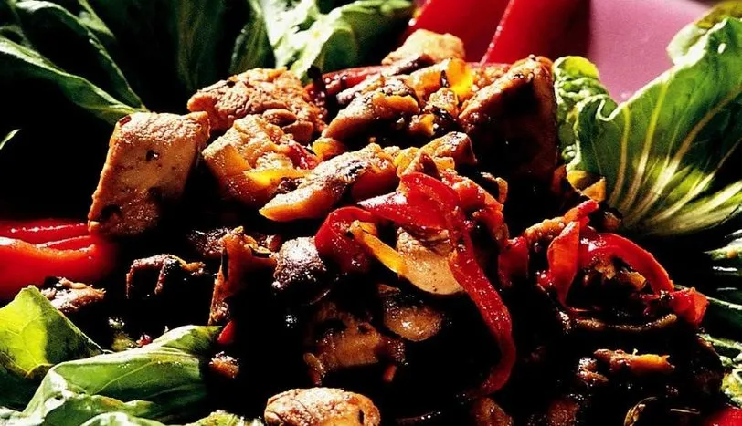 Yemeklik doğranmış soğanı zeytinyağında kavurun. Ardından kuşbaşı tavuk göğsünü ilave edip, kavurmaya devam edin. Kibrit çöpü biçiminde doğranmış sebzeleri ekleyin. Pişmesine yakın, ayrı bir yerde sosu hazırlayın. Bunun için bal, soya sosu, sirke ve hardalı karıştırın. Yemeğe ekleyin. Karıştırıp, 1-2 dakika daha pişirin. Kekik ve pulbiberi ekleyip, ocaktan alın ve sıcak servis yapın.
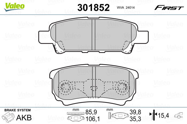 VALEO 301852 - Sada brzdových destiček, vždy 4 kusy v sadě
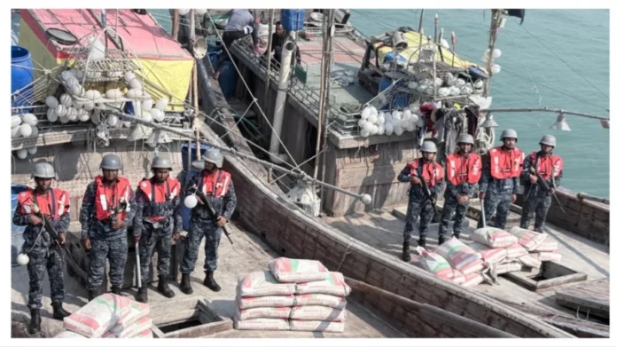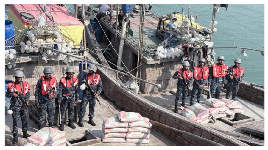এ সময় টহলে নিয়োজিত থাকা বাংলাদেশ নৌবাহিনী জাহাজ শহীদ মহিবুলাহ কুতুবদিয়া বাতিঘর হতে ৪৬ মাইল দূরে সন্দেহজনক দুটি কাঠের বোট দেখতে পায়। নৌবাহিনী জাহাজ বোট দু’টিকে থামার সংকেত দিলে তারা পালানোর চেষ্টা করে। নৌবাহিনী জাহাজ মহিবুল্লাহ ধাওয়া করে ‘এফবি আজিজুল হক’ এবং ‘এফবি রুনা আক্তার’ নামক দুইটি বোট আটক করে। আটককৃত বোটগুলো তল্লাশি করে ১ হাজার ৭৫০ বস্তা বাংলাদেশি ডায়মন্ড সিমেন্ট এবং ৩২ টি মোবাইল জব্দ করা হয় ।

Task description:
The material above must be set down word for word, with no picture carried over.

Completed exercise:
 Yemeklik doğranmış soğanı zeytinyağında kavurun. Ardından kuşbaşı tavuk göğsünü ilave edip, kavurmaya devam edin. Kibrit çöpü biçiminde doğranmış sebzeleri ekleyin. Pişmesine yakın, ayrı bir yerde sosu hazırlayın. Bunun için bal, soya sosu, sirke ve hardalı karıştırın. Yemeğe ekleyin. Karıştırıp, 1-2 dakika daha pişirin. Kekik ve pulbiberi ekleyip, ocaktan alın ve sıcak servis yapın.
 VALEO 301852 - Sada brzdových destiček, vždy 4 kusy v sadě
এ সময় টহলে নিয়োজিত থাকা বাংলাদেশ নৌবাহিনী জাহাজ শহীদ মহিবুলাহ কুতুবদিয়া বাতিঘর হতে ৪৬ মাইল দূরে সন্দেহজনক দুটি কাঠের বোট দেখতে পায়। নৌবাহিনী জাহাজ বোট দু’টিকে থামার সংকেত দিলে তারা পালানোর চেষ্টা করে। নৌবাহিনী জাহাজ মহিবুল্লাহ ধাওয়া করে ‘এফবি আজিজুল হক’ এবং ‘এফবি রুনা আক্তার’ নামক দুইটি বোট আটক করে। আটককৃত বোটগুলো তল্লাশি করে ১ হাজার ৭৫০ বস্তা বাংলাদেশি ডায়মন্ড সিমেন্ট এবং ৩২ টি মোবাইল জব্দ করা হয় ।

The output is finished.